论文信息 - Speech Analyser in an ICAI System for TESOL

Speech Analyser in an ICAI System for TESOL

There is an increasing demand for computer software which can provide useful personalised feedback to English as a Second Language (ESL) speakers on prosodic aspects of their speech, to supplement the shortage of ESL teachers and reduce the cost of learning. This thesis concentrates on constructing such an Intelligent Computer Aided Instruction (ICAI) prototype system, particularly focusing on one component — the Speech Analyser. The speech analyser recognises a user’s speech, identifies the rhythmic stress pattern in the speech, discovers stress and rhythm errors in the speech, and provides reports for the other component generating personalised feedback to the user on ways of effectively improving the prosodic aspects of the speech. We build an Hidden Markov Model (HMM) based speech recogniser to recognise a user’s speech. A set of parameters for constructing the recogniser is investigated by an exhaustive experiment implemented in a client/server computing network. The exploration suggests that the choice of parameters is very important. We build stress detectors to detect the rhythmic stress pattern in the user’s speech by using both Support Vector Machine (SVM) and Decision Tree (DT) techniques.

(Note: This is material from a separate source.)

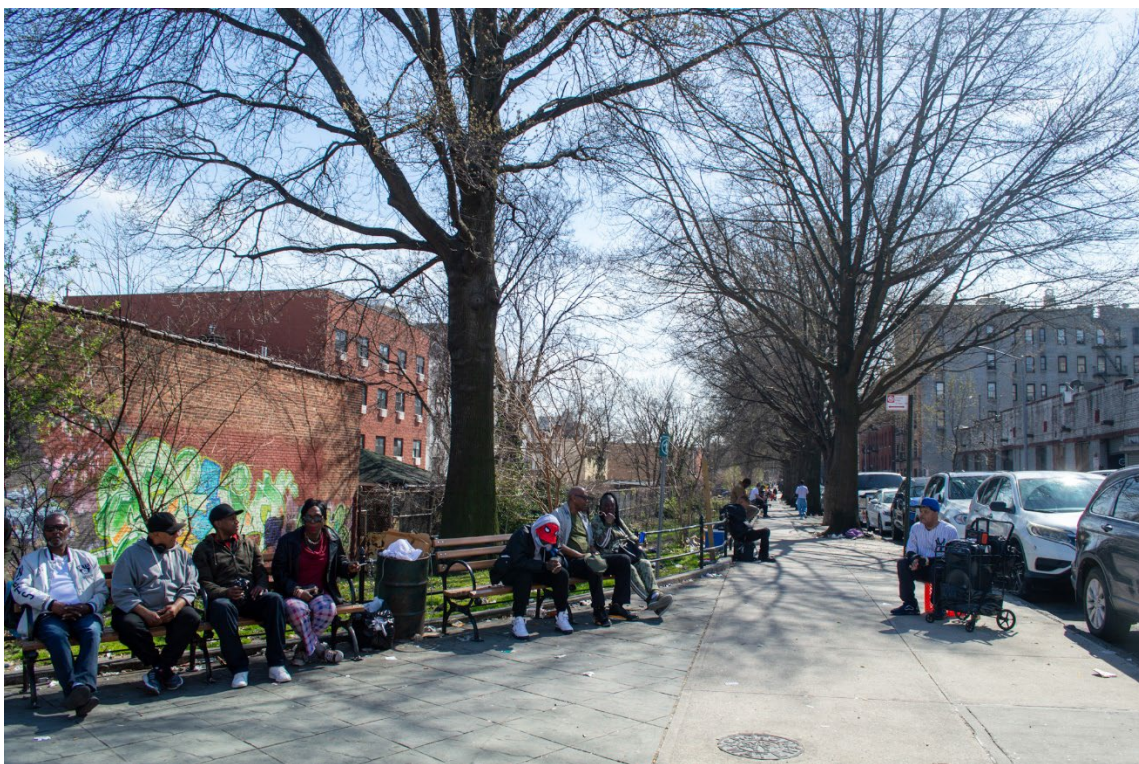
Aqueduct Walk, entrance and path, southern entrance on West Kingsbridge Road, 2024

The detector using SVM outperforms the one using DT. It suggests that SVM is more suitable for a relatively large data set with all numeric data than DT. We build an error identifier to automatically identify stress and rhythm errors in the user’s speech. A two-layer phoneme alignment algorithm using the Needleman/Wunsch technique is developed to facilitate the prosodic error identification problem. Our study also suggests that the foot comparison method is better than Vowel Onset Point comparison method for automatically identifying the main rhythm errors in the user’s speech.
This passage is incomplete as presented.